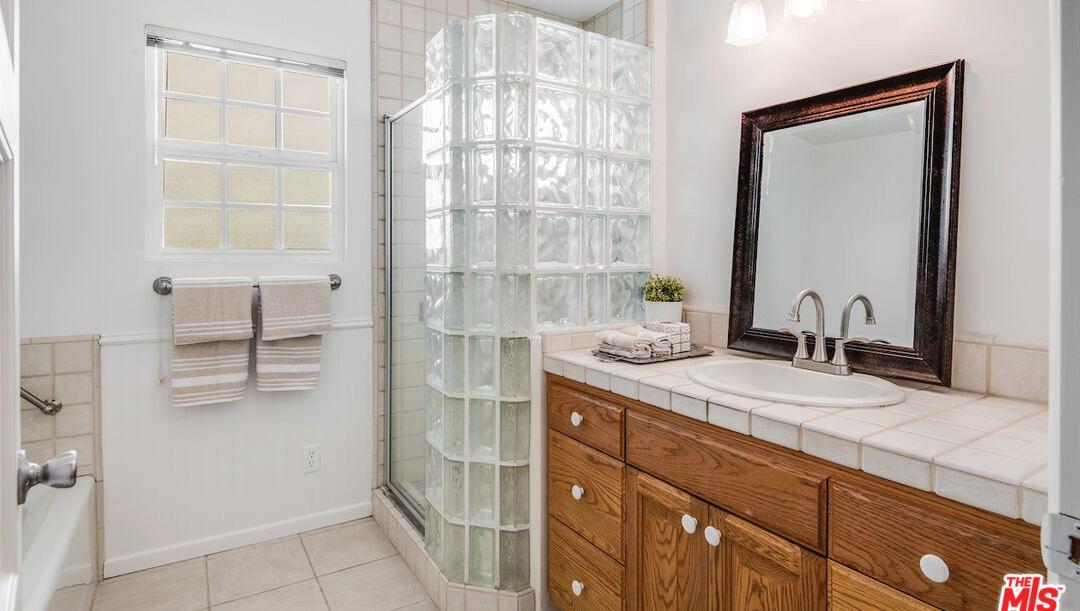 abundance of natural light and bring the outside in. The elegant master retreat has sliders that open to a balcony overlooking the lush grounds. Sumptuous bath features an oversized shower, soaking tub and a huge walk-in closet. The property opens seamlessly with multiple sliders to the entertainer’s backyard. The spacious, manicured grounds feature mature landscaping for privacy, all surrounded by lush greenery. The sparkling infinity pool has built-in spa and baja shelf, both with a waterfall edge. Patio area with bbq wraps around the pool. Guest house with private entrance on Saugus has full kitchen with stainless steel appliances and quartz counters with center island. Living room has a wall of sliders leading out to the yard. With 700 sqft the space is perfect for a home office or extended family. This property is a true oasis which fully encompasses the California indoor/outdoor lifestyle.
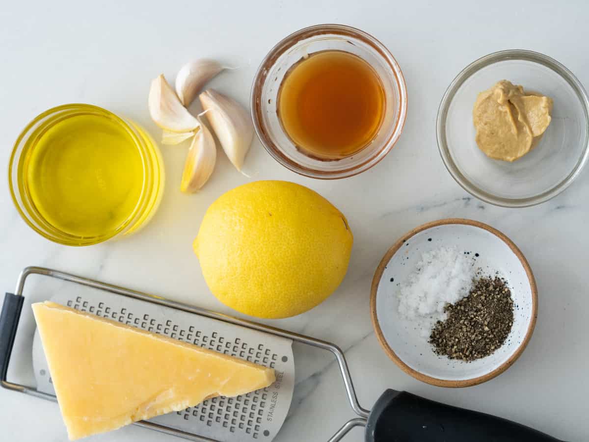 - Lemon juice – Fresh lemon juice for a tangy fresh dressing.
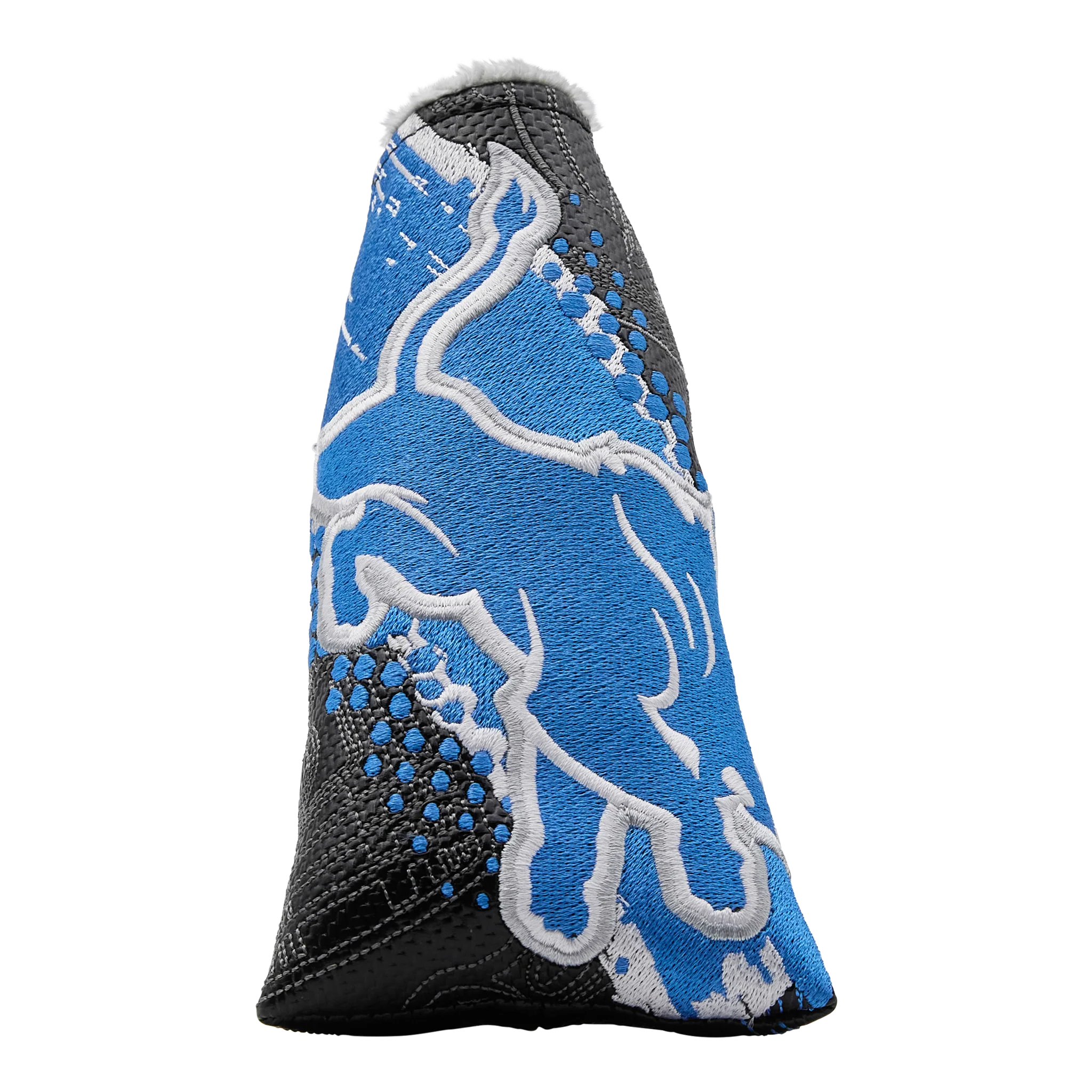 One Pride! This Detroit Lions Blade Putter Headcover features a Detroit Lions' lion on the front on top of a black motor themed base. Finished with a magnetic closure and grey plush interior. Limited quantities are available.
************
■ **Task to complete**: Exactly as written, please give again the lines from the beginning of the listing through the line containing "- Lemon juice", inclusive, without any pictures.

■ **Solution for this task**:
 abundance of natural light and bring the outside in. The elegant master retreat has sliders that open to a balcony overlooking the lush grounds. Sumptuous bath features an oversized shower, soaking tub and a huge walk-in closet. The property opens seamlessly with multiple sliders to the entertainer’s backyard. The spacious, manicured grounds feature mature landscaping for privacy, all surrounded by lush greenery. The sparkling infinity pool has built-in spa and baja shelf, both with a waterfall edge. Patio area with bbq wraps around the pool. Guest house with private entrance on Saugus has full kitchen with stainless steel appliances and quartz counters with center island. Living room has a wall of sliders leading out to the yard. With 700 sqft the space is perfect for a home office or extended family. This property is a true oasis which fully encompasses the California indoor/outdoor lifestyle.
 - Lemon juice – Fresh lemon juice for a tangy fresh dressing.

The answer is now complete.